De verdachte heeft - naar thans kan worden vastgesteld - tegen beter weten in ontkend zich aan dit ernstige delict te hebben schuldig gemaakt. Van het bestaan van enig inzicht in de onoorbaarheid van zijn handelen is niet gebleken, hetgeen de kans op herhaling aanzienlijk vergroot.
Het hof heeft mede in aanmerking genomen dat de verdachte, blijkens een hem betreffend uittreksel uit het Justitieel Documentatieregister d.d. 9 januari 2004 nog niet eerder is veroordeeld voor het plegen van een soortgelijk feit.
Alles afwegende acht het hof een onvoorwaardelijke gevangenisstraf van na te melden duur passend en geboden.

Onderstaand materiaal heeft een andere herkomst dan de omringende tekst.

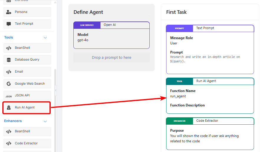 - Locate the Run AI Agent element under the Tools section of the palette.

10. Toepasselijk wettelijk voorschrift
Het hof heeft gelet op artikel 47 van het Wetboek van Strafrecht en op de artikelen 2 (oud) en 10 (oud) van de Opiumwet.
Beslissing
Het hof:
Bevestigt het vonnis waarvan beroep voor wat betreft de gedeeltelijke nietigverklaring van de inleidende dagvaarding.
Vernietigt het vonnis waarvan beroep voor het overige en doet in zoverre opnieuw recht.
Verklaart bewezen dat de verdachte het onder 1 primair tenlastegelegde, zoals hierboven omschreven, heeft begaan.
Verklaart niet bewezen hetgeen terzake meer of anders is tenlastegelegd en spreekt de verdachte daarvan vrij.
Bepaalt dat het bewezenverklaarde het hierboven vermelde strafbare feit oplevert.
Verklaart de verdachte strafbaar terzake van het bewezen-verklaarde.
Veroordeelt de verdachte tot een gevangenisstraf voor de duur van
ZES JAREN.
Bepaalt dat de tijd, die door de verdachte vóór de tenuitvoerlegging van deze uitspraak in voorarrest is doorgebracht, bij de uitvoering van de opgelegde gevangenisstraf in mindering wordt gebracht, voorzover die tijd niet reeds op een andere straf in mindering is gebracht.
Dit arrest is gewezen door
mrs. E.P. von Brucken Fock, L.A.J.M. van Dijk en
M.J. Bax-Luhrman,
in bijzijn van de griffier mr. R.E. Perquin.
Het is uitgesproken op de openbare terechtzitting van het hof van 3 februari 2004.